REST provides a lot of inbuilt security safeguards since the method that is used can be an indicator of the action that is to be performed – a GET is safe, POST, PUT and DELETE are relatively unsafe. REST provides authorization and authentication through the web server’s inbuilt functionality.
Key Concepts in REST
- Application state is called as a resource and is identified by a URI. Resources communicate through a standard interface, HTTP. Ex: book is a resource concept. http://myserver.com/book is the URI that returns a file which is a representation of the book resource.
- Information about a resource is called state and is encoded as part of the resource; these encodings along with the resource are called representations of the resource. Ex: http://myserver.com/book/book1 with an Accept header of text/xml is a particular representation of the resource, which returns the data as XML.
- Representations are linked together through hypermedia or links. Ex: I can access readers of a book as follows: http://myserver.com/book/users
- Invoking a REST interface method transfers the state of the resource through representations.
- The key set of standard interactions are
- GET – it says give me the information in my chosen format
- POST – it says add information that I give you
- PUT – it says replace my information with what you have currently
- DELETE - it says delete the information that you have
- REST can evolve with the standard interactions staying the same, new document types can be created and yet the interactions stay the same.
- It extends the statelessness that HTTP provides, every request is completely encapsulated to perform it’s task independent of previous tasks
REST and Geoserver
Geoserver has been providing a very efficient REST based interface to allow access to geoserver’s admin functionality. Geoserver’s REST defines the following key concepts:
- workspace – A group of data stores and feature types. This is equivalent to a namespace.
- datastore – A source of vector based spatial data.
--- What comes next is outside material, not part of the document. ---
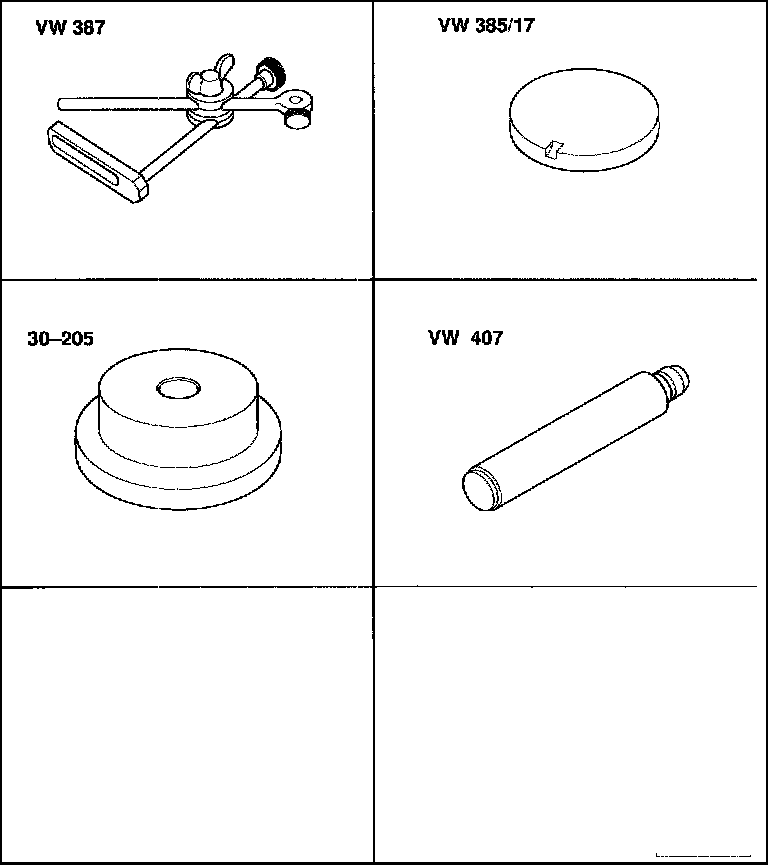 - Press tapered roller bearing outer race without shim into the transmission housing using thrust piece 30-205.

It may be a PostGis datastore, shapefile or even a WFS server.
- featuretypes – A vector spatial resource that originates from a data store
- coveragestore – A source of raster based spatial data.
- coverages – A raster based dataset with a coveragestore as the data store
- styles – describe how a resource should be symbolized or rendered
- layers – it is a published resource, equivalent to a feature type or coverage
- layergroups – grouping of layers accessible under a single resource name
One of the key aspects of using REST in my project was to implement two major functionalities:
Provide users a way to dynamically set user styles on the fly.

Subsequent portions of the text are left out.